Find sessions by topic on the fly
Plans change. A keynote demo gets you excited about something you hadn't considered. Right there from your terminal:
1find me sessions about Microsoft Foundry
You get a filtered, ranked list. No fighting with the event app's search UI.
Log takeaways
You're in a session and you hear something important. Rather than opening a notes app:
1log a note from BRK223: the new vector search API supports
2hybrid queries with both keyword and semantic — need to
3refactor our search endpoint to use this instead of the
4workaround we built
It creates a timestamped journal entry enriched with session metadata. When you get home, you have a structured record of what you learned and what to act on.
After the conference: keep the momentum
This is where most conference value is lost. You get home, the week hits you, and those notes go stale. The skill helps here too.
"What should I do after session [ID]?"
1what should I do after BRK223?
It gives you:
- Related sessions to watch on-demand (the lab that goes with the breakout you attended)
- Quickstarts and tutorials from Microsoft Learn for the technologies covered
- Specific next steps tied to what was demonstrated
Scaffold a project
If a session demo inspired you to try something:
1scaffold from BRK223
It creates a starter project with the correct SDK versions (verified against current docs, not slides that may be outdated), a README linking back to the session, and setup instructions.
Why this beats the catalog website
The session catalog on the Build website works. But:
| Website catalog | Build skill | |
|---|---|---|
| Search | Keyword only | Understands your tech stack |
| Context | None — you browse cold | Knows your project dependencies |
| Cross-reference | Manual tab-switching | Automatically links sessions to docs |
| During event | Phone app UI | Terminal command, instant answer |
| After event | Bookmarks you forget | Actionable next steps + scaffolding |
| Multi-event | One event at a time | Build 2026 + 2025 + Ignite 2025 |
The real difference is context. The website shows you everything. The skill shows you what matters to you.
Getting started
Here's how to get up and running:
Prerequisites
- GitHub Copilot CLI — you need the CLI agent installed and authenticated. If you don't have it yet, check the official documentation to get set up.

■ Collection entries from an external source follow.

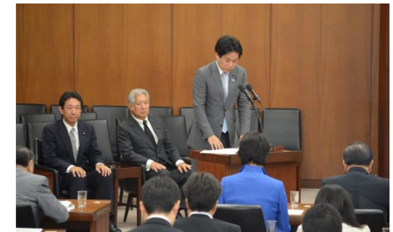
〈厚労委員会にて趣旨説明をしている様子〉
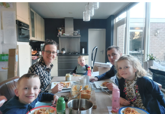
De laatste maaltijd in ons huis in Deil. Zuurkoolstampot met rookworst!
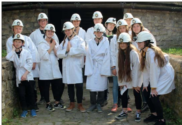
Najdeme novou „stříbrou žílu“?
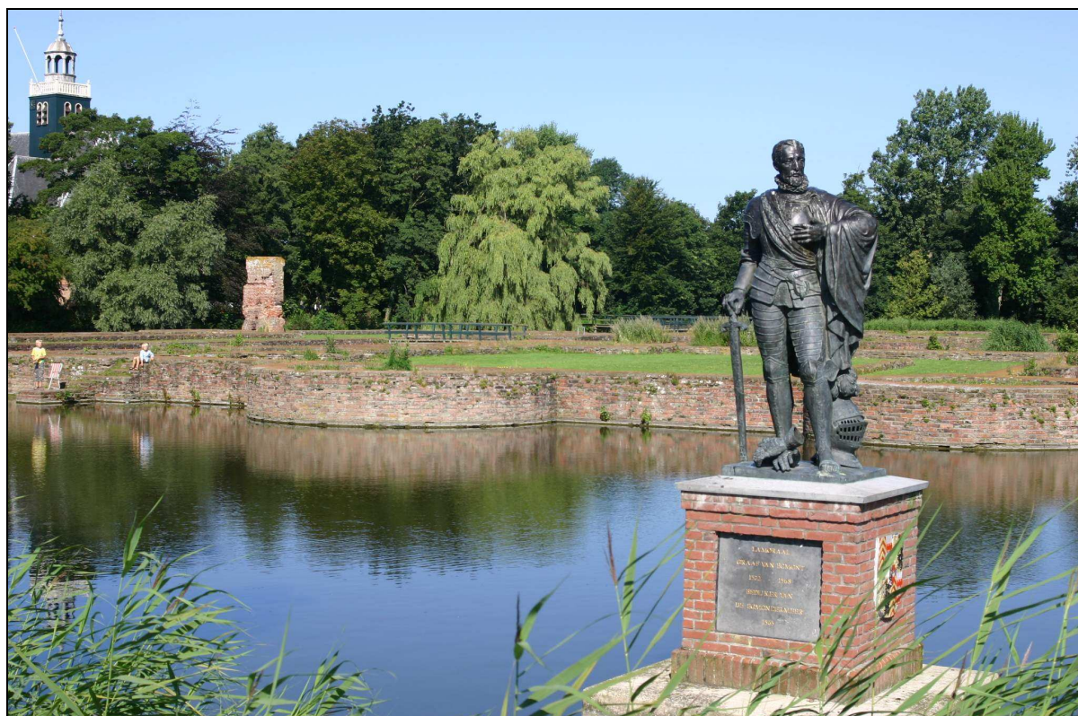
Egmond aan de Hoef, de ruïnes van het kasteel van Egmond met het beeld van graaf Lamoraal van Egmond.
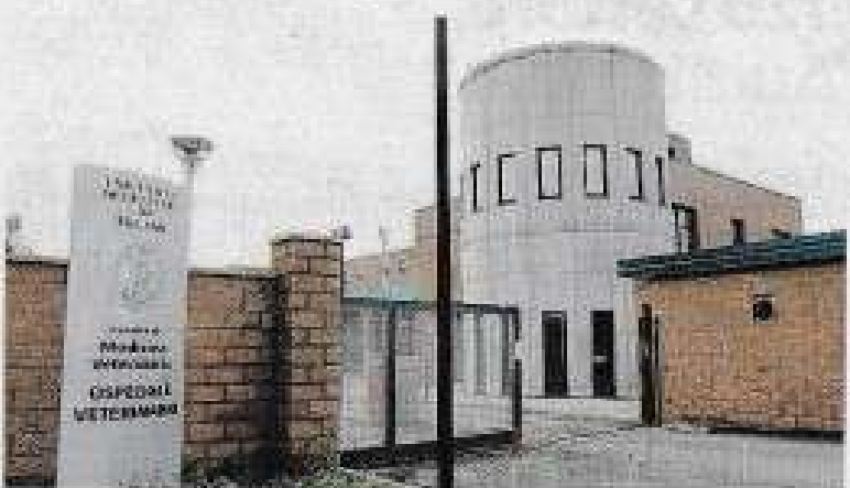
Qui sopra e a lato due luoghi che sarà possibile visitare il 19 gennaio

più di vent'anni fa, raccoglie oltre 150 opere realizzate da autori del territorio, dai celebri Piazza fino agli autori contemporanei come Ugo Maffi, Teodoro Cotugno ed Enrico Suzzani.
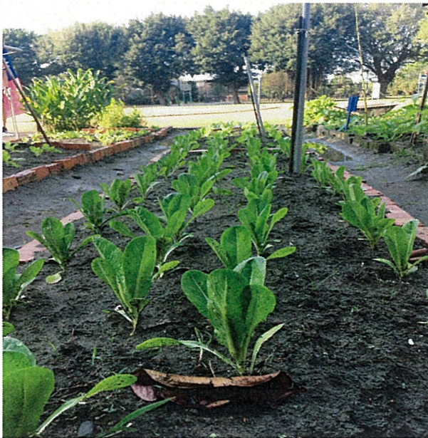
小小蔬果長大成熟準備採收了

- Node.js — the skill uses
npxunder the hood to run the events CLI, so you'll need Node.js installed (v18+). - A GitHub Copilot subscription — individual, business, or enterprise all work.
Install the skill
The Microsoft Build skill is available as a Copilot CLI skill. You can install it with:
1copilot skill install microsoft/Build-CLI
Once installed, it activates automatically whenever you ask about Build, Ignite, sessions, or what's new for your stack.
Try it out
Open your terminal in any project directory and try:
1# Find sessions relevant to your project
2"what's new for my project at Build?"
3
4# Search by technology
5"find Build sessions about Azure Container Apps"
6
7# Look up a specific session
8"tell me about BRK155"
9
10# After attending a session
11"what should I do after LAB329?"
The first time you search, it fetches and caches the session catalog locally — subsequent queries are fast.
Supported events
The skill supports multiple event catalogs:
- Build 2026 (default) — June 2-3, San Francisco
- Build 2025 — Seattle
- Ignite 2025 — Chicago
Just mention the event by name and the skill scopes to the right catalog.
The bigger picture
This is part of a pattern I keep seeing with Copilot CLI skills: bring the context to where you already are. Instead of switching to a website, an app, or a different tool, you ask a question in your terminal and get an answer that's aware of your project, your stack, and your goals.
For conferences, this means less time scrolling catalogs and more time actually preparing, learning, and building. Whether you're planning your schedule a week before, navigating sessions on the ground, or following up a month later — the same tool adapts to where you are in that journey.
Build 2026 is June 2-3. Your session catalog is already live. Give it a try.
The Microsoft Build skill is available in GitHub Copilot CLI. It uses the live session catalog and Microsoft Learn documentation — no static data, always current.